For BigQuery, register a query_mode='materialized' table with a SQL body:

agnes admin register-table orders_90d \
    --source-type bigquery \
    --query-mode materialized \
    --query @docs/queries/orders_90d.sql \
    --schedule "every 6h"

The scheduler runs the query through the DuckDB BigQuery extension on each tick that's due, writes the result as a parquet, and the analyst picks it up on the next agnes pull.
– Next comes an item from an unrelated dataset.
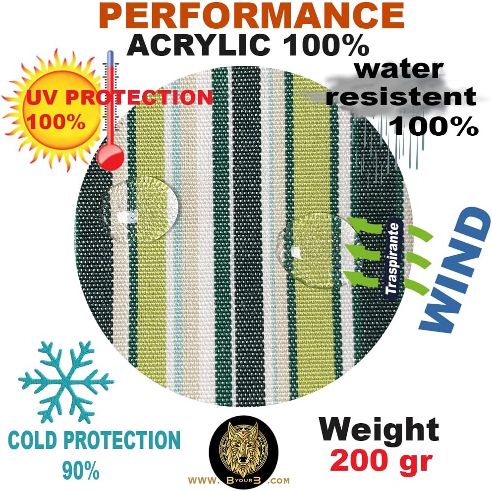 Realizzate Con 100% Acrilico Traspirante, Che Offre Massima Protezione e Resistenza Al Calore, Allo Scolorimento, Alla Salsedine, Alla Pioggia e alla muffa. La Tenda Dispone Di doppi Anelli Metallici Rinforzati nella parte superiore, per Appenderle facilmente con i Ganci In dotazione. Non Ha Materiali Chimici O Poliestere Nella Trama E Non Crea Effetto Serra Dannoso Per La Tua Salute.

Cost guardrail: data_source.bigquery.max_bytes_per_materialize (default 10 GiB) — operations exceeding the BQ dry-run estimate are skipped.

Development Setup

# Create and activate virtual environment
python3 -m venv .venv && source .venv/bin/activate

# Install dependencies
uv pip install ".[dev]"

# Run FastAPI locally with hot reload
uvicorn app.main:app --reload

# Run the test suite
pytest tests/ -v

Project Structure

├── src/                    # Core engine
│   ├── db.py               # DuckDB schema (system.duckdb, analytics.duckdb)
│   ├── orchestrator.py     # SyncOrchestrator — ATTACHes extract.duckdb files
│   ├── repositories/       # DuckDB-backed CRUD (sync_state, table_registry, users, etc.)
│   ├── profiler.py         # Data profiling
│   └── catalog_export.py   # OpenMetadata catalog export
├── app/                    # FastAPI application
│   ├── main.py             # App setup, router registration
│   ├── api/                # REST API (sync, data, catalog, admin, auth)
│   ├── auth/               # Auth providers (Google OAuth, email magic link, desktop JWT)
│   └── web/                # HTML dashboard routes
├── connectors/             # Data source connectors (extract.duckdb contract)
│   ├── keboola/            # Keboola: extractor.py (DuckDB extension) + client.py (fallback)
│   ├── bigquery/           # BigQuery: extractor.py (remote-only via DuckDB BQ extension)
│   └── jira/               # Jira: webhook + incremental parquet → extract.duckdb
├── cli/                    # CLI tool (`agnes pull`, `agnes query`, `agnes admin`)
├── services/               # Standalone services (scheduler, telegram_bot, ws_gateway, etc.)
├── scripts/                # Utility + migration scripts
├── config/                 # Configuration templates (instance.yaml.example)
├── docs/                   # Documentation + metric YAML definitions
└── tests/                  # Test suite (633 tests)

Configuration

File Purpose
config/instance.yaml Instance-specific settings: branding, data source type, auth provider, Google domain
.env Secrets and environment variables — never committed
system.duckdb table_registry table Table definitions managed via POST /api/admin/register-table (or PUT /api/admin/registry/{id} to update) or the web UI

Copy the example to get started:

cp config/instance.yaml.example config/instance.yaml

See config/instance.yaml.example for all available options.

Documentation

Contributing

  1. Fork the repository and create a feature branch.
  2. Run pytest tests/ -v to verify all tests pass before opening a pull request.
  3. Keep commits focused and messages concise.
  4. Open a pull request against main with a clear description of the change.

For bugs and feature requests, open a GitHub issue.

License

This project is licensed under the MIT License.